My kids go through a whole chicken every week.  Every few weeks I make soup.  After one disaster I was asked to write down what I did to guarantee a good soup.  After this soup I was asked to not tinker any more.

Take 2 cooked chickens.  Separate meat and bones.  Put meat in fridge.

In a crock pot I place (chopped, etc as appropriate):
- Bones from several chickens
- Stems from 4 stems of broccoli
- 1 onion
- 1 bunch celery
- 2 large cloves garlic
- 1 lb carrots
- 3 bay leaves
- 1 cup vinegar
- 2 tbsp caraway seeds
- 3 tbsp black peppercorns
- 3 tbsp garam masala
- 2 tbsp majoram
- 2 tsp sage
- 1 tbsp salt
- Enough water to almost fill the pot.  (Leave space b/c water expands when heated.)

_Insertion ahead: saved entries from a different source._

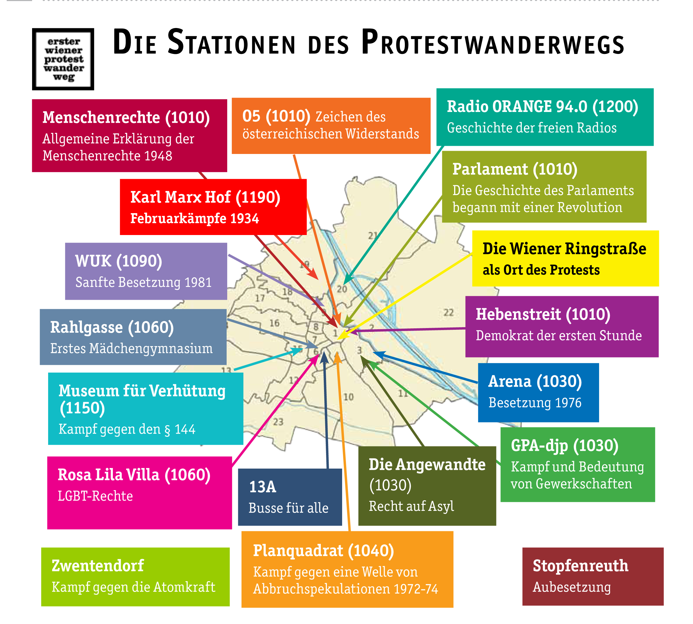 Die am 1. Mai 1865 eröffnete Ringstraße ist ein wichtiger Ort der Repräsentation und Machtdemonstration der Herrschenden. Sie ist aber auch ein Ort, den die Bürgerinnen und Bürger nützen, um ihren Forderungen Nachdruck zu verleihen. Diese Station des Protestwanderwegs widmet sich auf einem Spaziergang vom Schwarzenbergplatz bis zum Rathaus einer Auswahl von wichtigen Demonstrationen und Kundgebungen.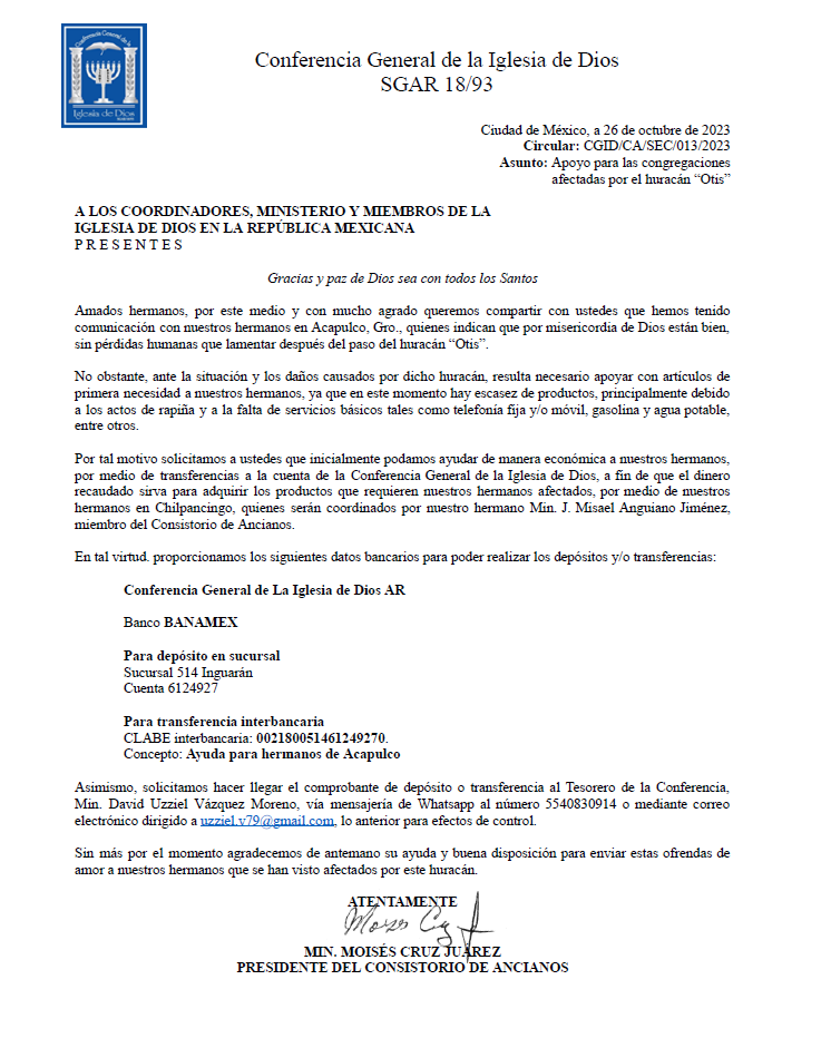 Circular - Apoyo Congregaciones Afectadas Huracán "Otis"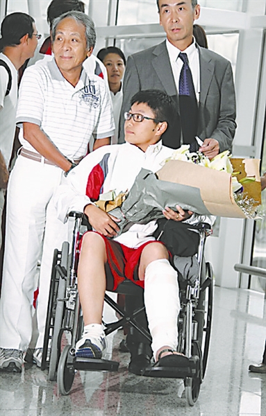 8月17日,在委内瑞拉女子棒球世界杯比赛中被流弹击中的中国香港运动员卓菀尔返回香港。图为中国香港女子棒球选手卓菀尔(前)抵达香港国际机场。新华社发 李秋婵 摄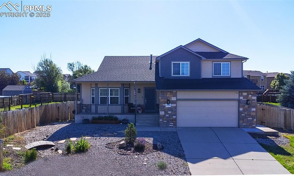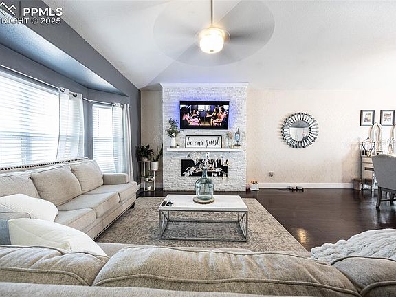 This charming 3-bedroom, 2.5-bathroom home offers breathtaking, unobstructed views of Pikes Peak right from the front porch. Inside, enjoy a cozy living room with an electric fireplace and a kitchen featuring brand-new quartz countertops, a spacious single-basin sink, and sleek stainless steel appliances. The lower level boasts a custom bar area, perfect for entertaining, while the sizable laundry room adds convenience to daily chores. The unfinished basement includes a bathroom that's already roughed in with a sink, toilet, and bathtub—just awaiting your finishing touches to complete the space. Outside, the fenced-in backyard includes a deck with a hot tub, designated RV parking, areas for raised garden beds, and a chicken run, catering to sustainable living enthusiasts.

Put on a low simmer for at least 4 hours.  (Overnight is fine.)

Take everything out of the liquid.  I use a fish net from the pet store to be sure I get the bones, etc.

- meat from 2 chickens
- 1 lb carrots, chopped
- heads from 4 stems of broccoli

Bring back to a boil, simmer for at least one hour.

Divide into containers, freeze what you want.